Marooned in Moscow
Описание
Soon after Marguerite Harrison’s gripping autobiography was first published, the New York Times called it the most interesting and valuable book available on contemporary Russia. Yet, inexplicably, it has been out of print for 80 years. First published in 1921, just months after Harrison’s release from a Bolshevik prison. Marooned in Moscow provides a fascinating account of her entry into war-torn Russia in early 1920, first-person impressions of many in the top Soviet leadership, and her increasingly dangerous work as a journalist and spy, to say nothing of her work on behalf of prisoners, her two arrests, and her eventual ten-month-long imprisonment, including in the infamous Lubyanka prison. Indeed, the book is a veritable encyclopedia of life in Russia in the 1920s. Harrison’s work came out fully a decade before most other accounts of Soviet Russia and is very much in the tradition of John Reed’s Ten Days That Shook the World, yet Harrison’s is not a sympathetic voice. She is an incredibly observant, tenacious and meticulous journalist, but also very much an ordinary American woman caught up in extraordinary events.
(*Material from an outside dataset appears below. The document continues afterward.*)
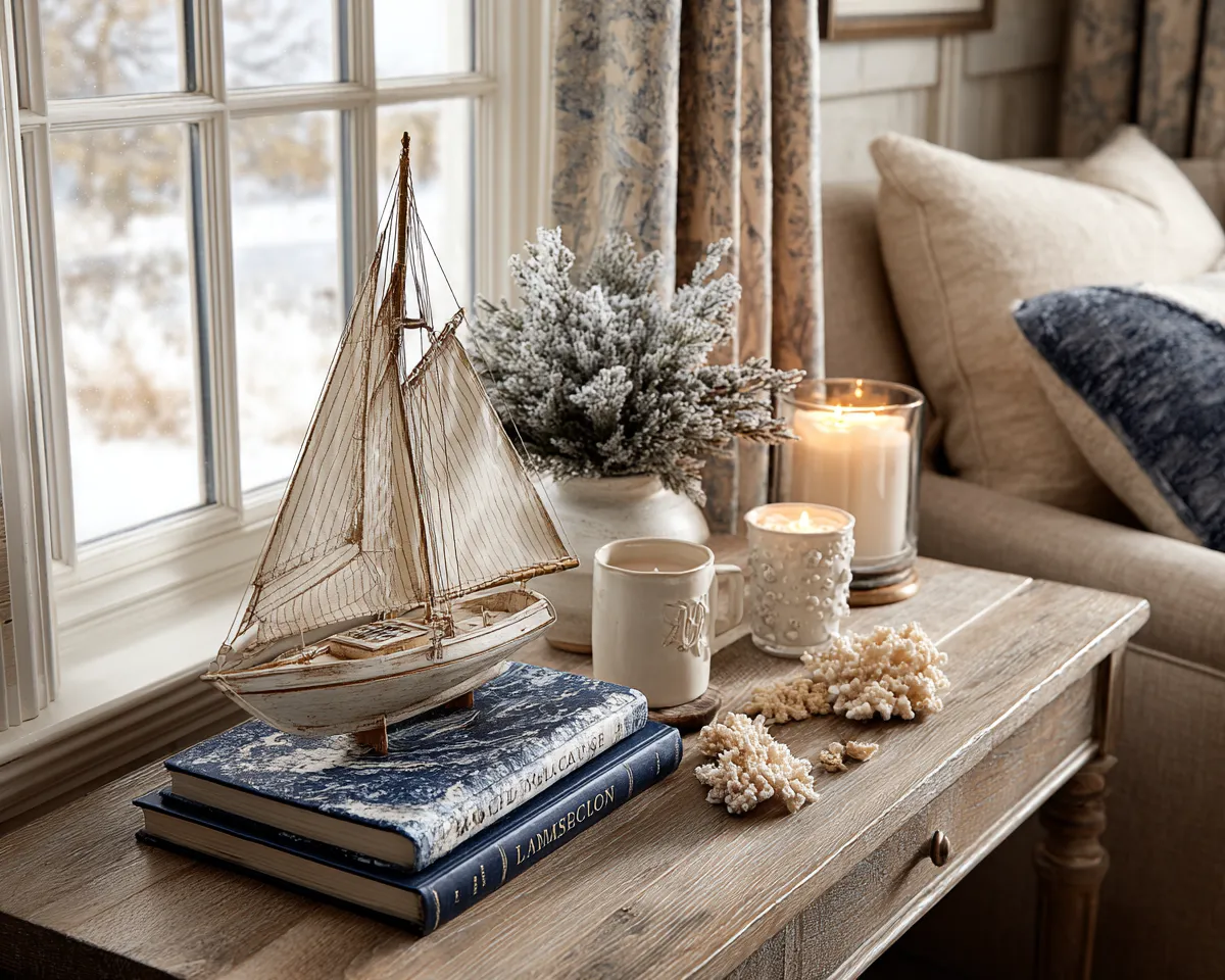 * A side table with a stack of nautical-themed books, a white coral accent, and a small sprig of evergreen.

This new edition has been meticulously edited, glossed with hundreds of useful explanatory footnotes, supplemented with documents from KGB and U.S. intelligence archives, as well as photographs of many of the main actors and locales, and includes an introduction by the editor, William Benton Whisenhunt. "I have not seen any book on contemporary Russia more interesting and valuable than this, and none that inspires more credence. It is a great task, honesty and competently performed." New York Times (1922)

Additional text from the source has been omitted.